2% steel fibers has been found to be 0.54 M Ω∙m (Yehia, Tuan, et al, 2000). Although resistivity

measurements of the fiber reinforced concrete alone were not taken in this study, it is reasonable

to assume that the concrete mixes used in this study would have higher resistivity values due to

the lower concentration of steel fibers. However, all observed resistivity values observed were

much lower than this value, suggesting that the addition of welded wire fabric substantially

decreased the resistivity of the sample (Appendix C).
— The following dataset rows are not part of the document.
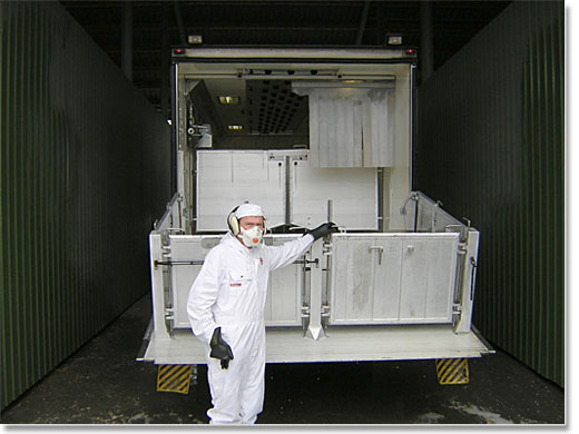 Nach dem die Umladung stattgefunden hat, wird die Umladestelle gewaschen, sowie auch der dänische Wagen gewaschen und desinfiziert werden muss, bevor er den Platz verlässt.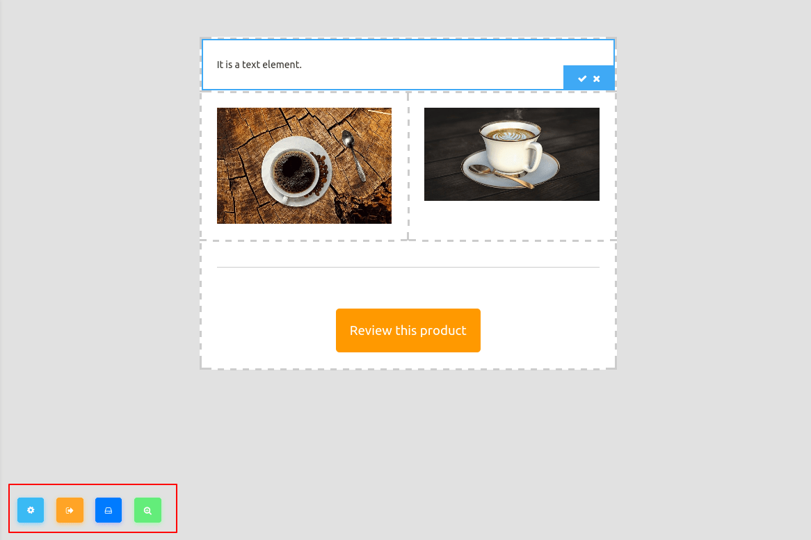 Now drag the text element and drop it on the editor. Now double-click on the text element and a field will appear. And on the field, you have to write your text. Then click on the tick to save the text. Likewise, by clicking on the cross button, you can delete the text and the element.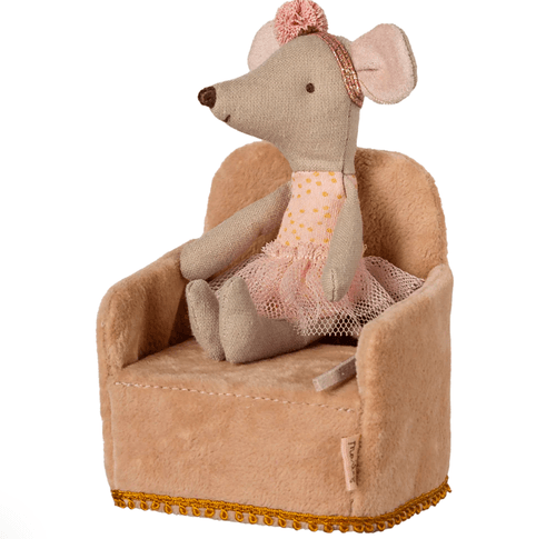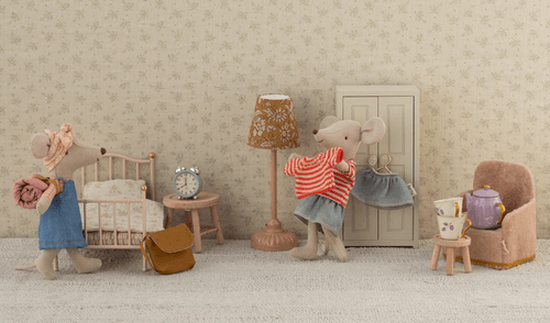 柔霧粉色的摺疊椅,是 Maileg 小老鼠們最舒適的專屬寶座。不論是野餐、陽光午睡還是森林故事時間,這張椅子都能帶來滿滿的溫柔氣氛。輕巧設計,適配 Mouse Hole Farmhouse,展開即可使用,收納也超方便!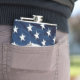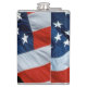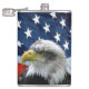 This patriotic flask is adorned with a photo of a bald eagle in front of the American Flag.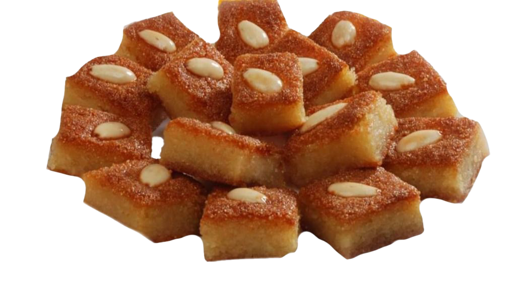 Semolina cake topped with almonds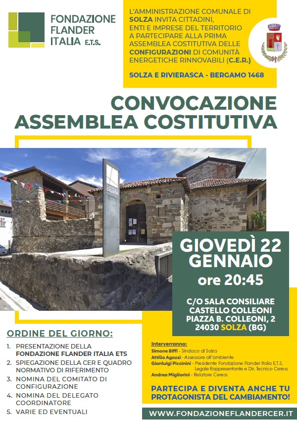 Al tavolo dei relatori siederanno il Sindaco di Solza, Simone Biffi, e l’Assessore all’Ambiente Attilio Agazzi, affiancati dagli esperti della Fondazione Flander, il presidente Gianluigi Piccinini e il relatore Andrea Migliorini, chiamati a sciogliere i dubbi tecnici e illustrare i vantaggi in bolletta per gli aderenti.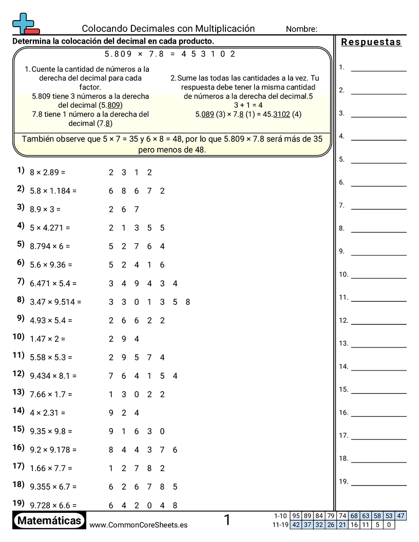 Hojas de trabajo gratis de math para 5to Grado (5nbt7) sobre Colocando Decimales con Multiplicación. Cada hoja tiene 19 ejercicios con hoja de respuestas y es ideal para maestros y educación en casa. Puedes descargar el PDF, crear tarjetas de memoria o configurarlo para aprendizaje en línea.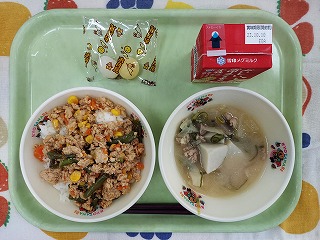 給食では、芋の子汁の「里芋」、月見団子を食べました!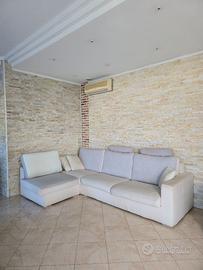 Divano usato 275x170 cm, 4 sedute da 80 cm, completamente sfoderabile e lavabile, bicolore con possibilità di girare gli schienali da bianco a grigio. Acquistato a 1590 euro nel 2016 da Rosin Arredamenti , vendo a 500 euro.
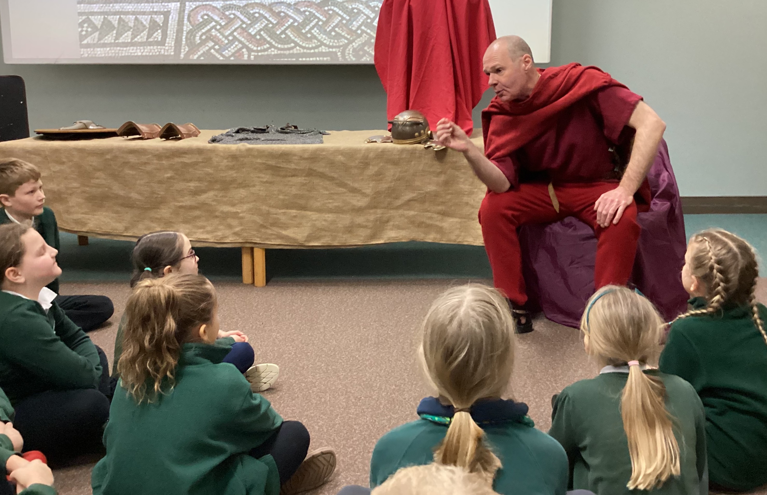 The second workshop was led by an Iceni woman, who compared Iceni and Roman homes. The children examined a range of artefacts, including Roman tiles, tesserae, samian ware and oil lamps, and discussed what these objects tell us about daily life, technology and comfort in Roman Britain.

It is important to note that previous research has shown samples with higher resistivity

values exhibit greater heating. In one trial a conductive concrete sample having a resistivity of

approximately 20 Ω∙m experienced a temperature increase of 21.3˚ F over 5000 seconds in one

location (Green and Janoyan, 2005). In another experiment, a conductive concrete sample

containing steel fibers was found to have a resistivity of 41.0 Ω∙m but increased in temperature

by 2.5˚ F over 6000 seconds (Vincent and Janoyan, 2005). These previous results suggest that

resistivity is not the only important factor in determining the heating ability of conductive

concrete. The latter experiment particularly suggests that the absence of heating of the samples

in this study is not due simply to the high resistivity values of the concrete, since similar

resistivity values were found for these samples. Although the embedded mesh decreases the

overall resistivity, the extremely low resistivity paths that it produces do not contribute to Joule

heating. The lowered resistivity is a false encouragement, since the increased current cannot

noticeably contribute to heating.

To attempt to determine the cause of the mass thermistor failure, a probe was constructed

and placed in a cylinder of dirt and water for a week. The thermistor’s room temperature

resistance was then measured using the data acquisition system and found to have decreased

from 53 kΩ to 45 kΩ, suggesting that the thermistors failed due to water damage. This

thermistor also exhibited the same trend as observed in the embedded probes of steadily

decreasing in resistance as measurements were made.

Conclusions

These results suggest that electrically conductive concrete composed of 0.25 - 0.5% steel

fiber and welded wire mesh isolated from electrodes is not effective for deicing or anti-icing

applications. Using more area on the sides of the concrete as electrodes decreases the resistivity,

although this does not increase its heating capability. The data suggest the inability of the

samples to sufficiently increase in temperature is due to the low resistivity of the embedded

mesh, which lowers the resistivity of the sample without allowing the current passing through it

to perform Joule heating. If reinforcing mesh is to be used with electrically conductive concrete,

the mesh may require complete electrical isolation for the concrete to heat properly.